Records contained in a dataset
---------------
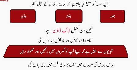 کل سے تین دن کے لیے مکمل لاک ڈاؤن ہے۔ گھروں میں رہیں محفوظ رہیں
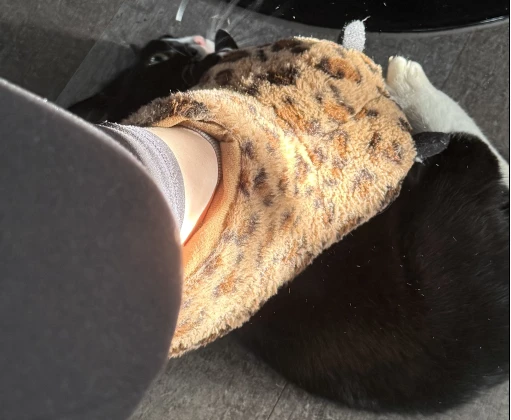 Sehr interessantes Foto. Katze tiefenemtspannt. Und nette “Pantöffelchen”. 😄
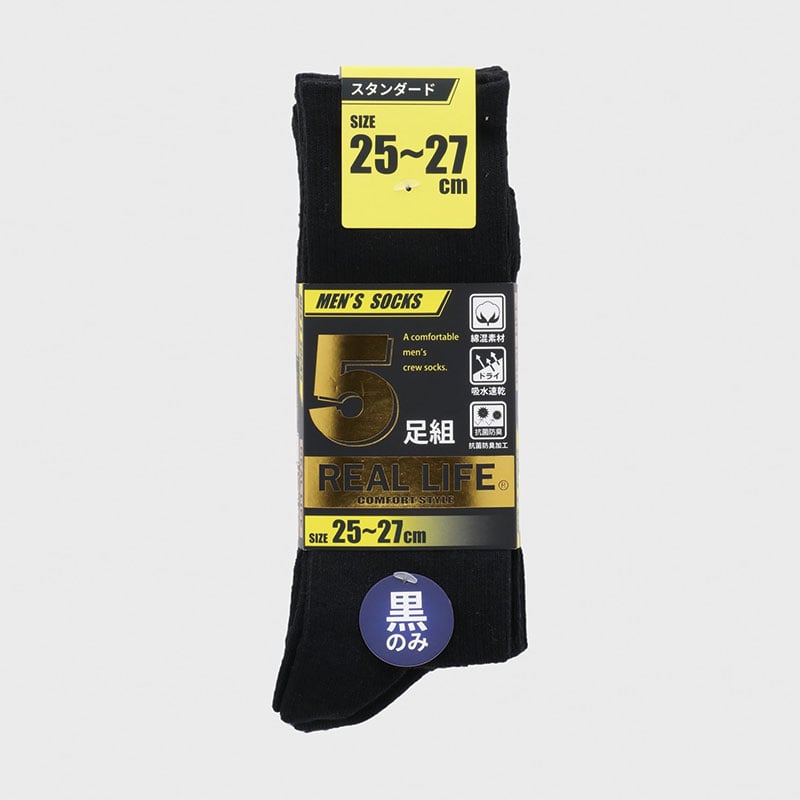 紳士綿混リブクルーソックス5足組(黒)25−27cm
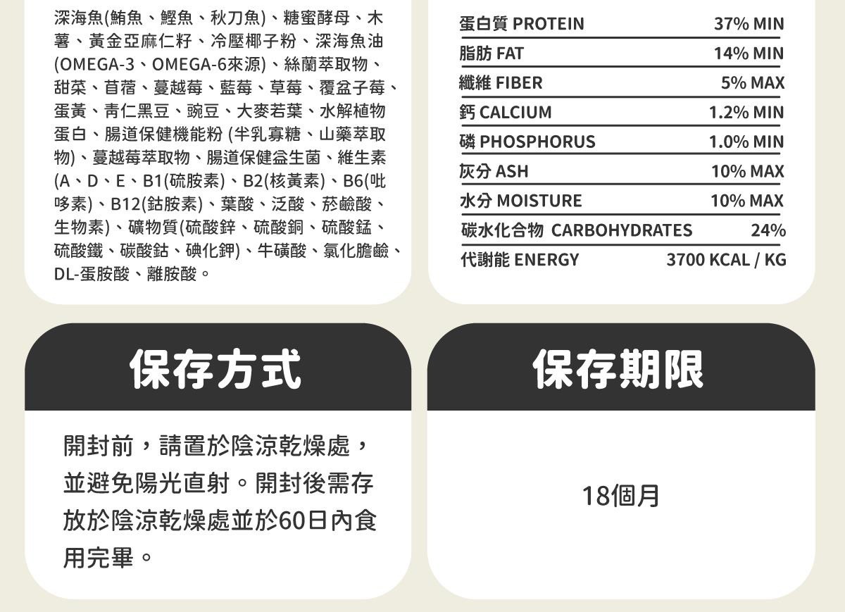 1.不含黃豆玉米小麥等高過敏源物質。
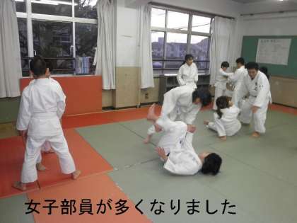 月曜日の放課後は,部活動「柔道部」が練習します。後期から部員が増え,道場は子どもたちでいっぱいです。特に女の子に人気があり,男子部員より女子部員が圧倒的に多くなっています。
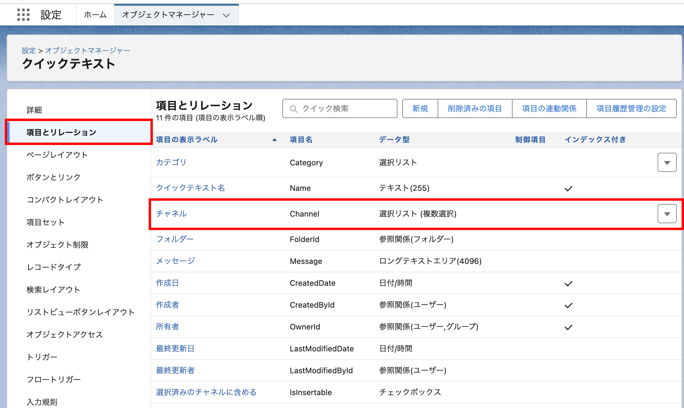 設定のオブジェクトマネージャにて、[クイックテキスト]の「項目とリレーション」の設定項目を開きます。
---------------
### Work order:
Please write out all the data again word for word, but not the pictures.

### Reply:
 کل سے تین دن کے لیے مکمل لاک ڈاؤن ہے۔ گھروں میں رہیں محفوظ رہیں
 Sehr interessantes Foto. Katze tiefenemtspannt. Und nette “Pantöffelchen”. 😄
 紳士綿混リブクルーソックス5足組(黒)25−27cm
 1.不含黃豆玉米小麥等高過敏源物質。
 月曜日の放課後は,部活動「柔道部」が練習します。後期から部員が増え,道場は子どもたちでいっぱいです。特に女の子に人気があり,男子部員より女子部員が圧倒的に多くなっています。
 設定のオブジェクトマネージャにて、[クイックテキスト]の「項目とリレーション」の設定項目を開きます。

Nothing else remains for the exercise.